Assignment :: Exact copies of the lines below are the goal; any images in them are dropped.

── Exercise data

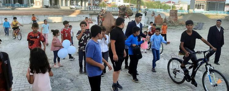Yurtta kalan öğrenciler için iş insanının her yıl kurban gönderdiğini bu yıl ise deve ile sürpriz yaptığını anlatan Nursever, "İsminin açıklanmasını istemeyen bir hayırsever yurdumuza kurban edilmek üzere bir deve gönderdi. Biz de deveyi kesmeden önce ilçede gezdirdik. Halkın sürekli gördüğü bir hayvan olmadığı için büyük ilgi gördü. İlçede yaşayan herkes onunla fotoğraf çektirmek için yarıştı. Kurban edilecek olan devenin etini Mevlit Kandili nedeniyle yurttaki öğrencilerle ilçe halkına ikram edeceğiz" diye konuştu.
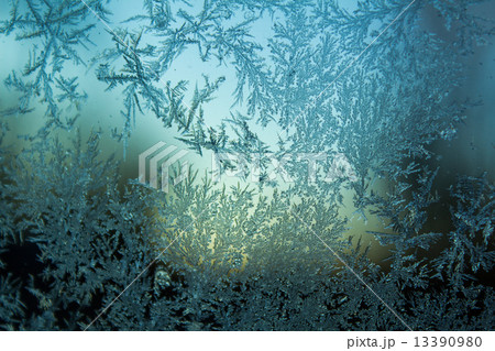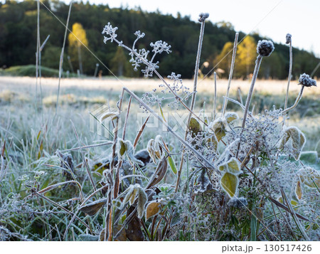 Frozen moss 放射冷却効果で氷点下に冷え込んだ早朝の朝霜に凍る苔の接写クローズアップ撮影
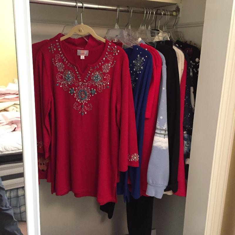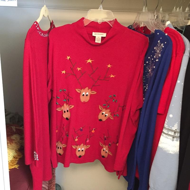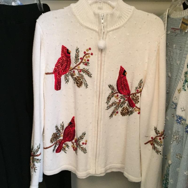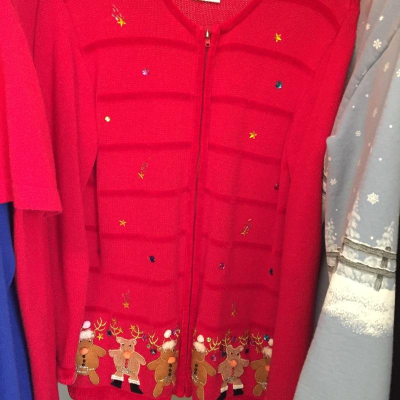 Just in time for the holidays, this large selection of mostly Christmas themed sweaters will surely get you in the festive spirit and give you so many choices for your holiday outfits. There are even a few Fall themed garments which includes a 100% leather jacket with pumpkins in size small. The sweaters are a mix of Small and medium sizes.
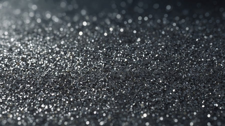 A detailed shot of silver glitter with selective focus, capturing the sharp, reflective particles against a softly blurred background, creating a sparkling, magical effect.
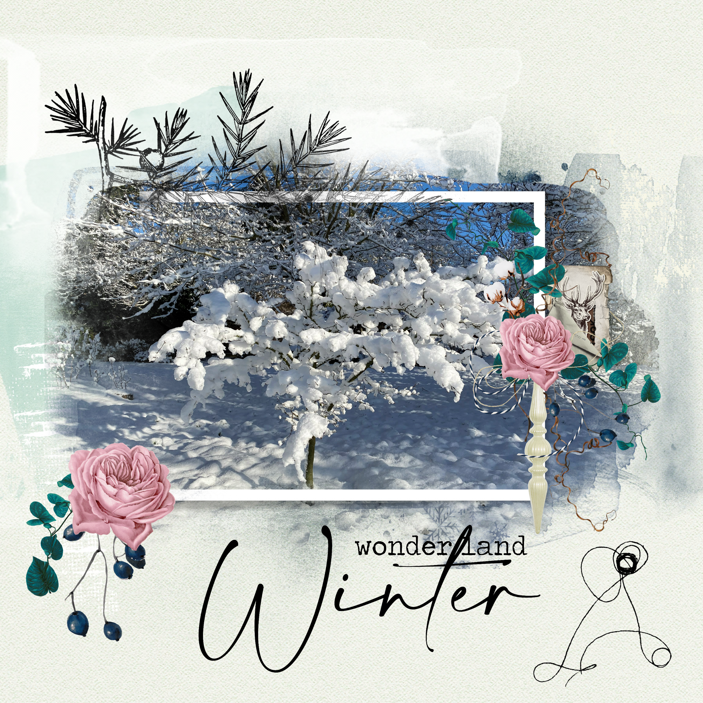 Winter can be really wicked (freezing cold, dirty snow after it stopped and the cars ran it over, having to shovel, etc.) but can also be so very beautiful like you have shown here with that gorgeous snow covering that branch!!! This is a most precious gift of snow embellished beautifully with your page!

────

Answer to the exercise ::
Yurtta kalan öğrenciler için iş insanının her yıl kurban gönderdiğini bu yıl ise deve ile sürpriz yaptığını anlatan Nursever, "İsminin açıklanmasını istemeyen bir hayırsever yurdumuza kurban edilmek üzere bir deve gönderdi. Biz de deveyi kesmeden önce ilçede gezdirdik. Halkın sürekli gördüğü bir hayvan olmadığı için büyük ilgi gördü. İlçede yaşayan herkes onunla fotoğraf çektirmek için yarıştı. Kurban edilecek olan devenin etini Mevlit Kandili nedeniyle yurttaki öğrencilerle ilçe halkına ikram edeceğiz" diye konuştu.
 Frozen moss 放射冷却効果で氷点下に冷え込んだ早朝の朝霜に凍る苔の接写クローズアップ撮影
 Just in time for the holidays, this large selection of mostly Christmas themed sweaters will surely get you in the festive spirit and give you so many choices for your holiday outfits. There are even a few Fall themed garments which includes a 100% leather jacket with pumpkins in size small. The sweaters are a mix of Small and medium sizes.
 A detailed shot of silver glitter with selective focus, capturing the sharp, reflective particles against a softly blurred background, creating a sparkling, magical effect.
 Winter can be really wicked (freezing cold, dirty snow after it stopped and the cars ran it over, having to shovel, etc.) but can also be so very beautiful like you have shown here with that gorgeous snow covering that branch!!! This is a most precious gift of snow embellished beautifully with your page!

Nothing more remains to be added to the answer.